Like many of you, I am a DAW based studio musician, so I have no sequences to contribute, but I do have lots of info:
If any of you remember "Monster Dan" from the Transoniq Hacker days, he is still in business [links open in new window]:
http://www.monster-tracks.com/
He does pro arrangements of (American) top 40 hits. He has thousands, and has retained his SQ80 format (at least as of a few years ago when we exchanged emails). For a pro gigging musician, buying these sequences would be a good solution.

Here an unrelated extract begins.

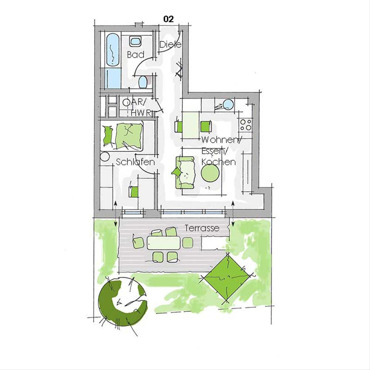 Die Freisitze der Wohnungen zeigen nach Süd-Ost: Wenn Sie auf Ihrem großzügigen Balkon oder auf Ihrer Terrasse sitzen, werden Sie einen herrlichen Blick ins Grüne genießen können.

Margus Kliimask has very generously developed a Window's based ESQ/SQ80 sequence converter, but I think it is 1-way only (I'm on a W3 phone and can't confirm):
http://wolzow.mindworks.ee/
Finally, Gary Giebler still sells his very-capable MS-DOS based 2-way sequencer translation tools! He even has a new storefront with new tools:
http://www.midifile.com/
It's my guess that a contemporary computer will need an emulator to run them. I have used DosBox successfully for a ton of stuff:
http://www.dosbox.com/
I don't have the Giebler tools, though. Can someone confirm that they still work either with or without DosBox?
Perhaps gigging "musicians" who use sequencers to cover top-40 tracks should consider actually recording the backing parts themselves, once they finish evaluating their priorities. Or better still, hook up with a band. After all if it's their bread and butter, maybe they should expect to have to do more than a couple of 4-hour gigs a week.
ReplyDeleteAnyway, don't forget that songs can always be copied from one sequencer to another via MIDI. Just sync the sequencers together, hit record on one and play on the other. Every note that gets recorded will be consistently off by a few ticks (which generally won't matter, especially if you just re-quantize everything.)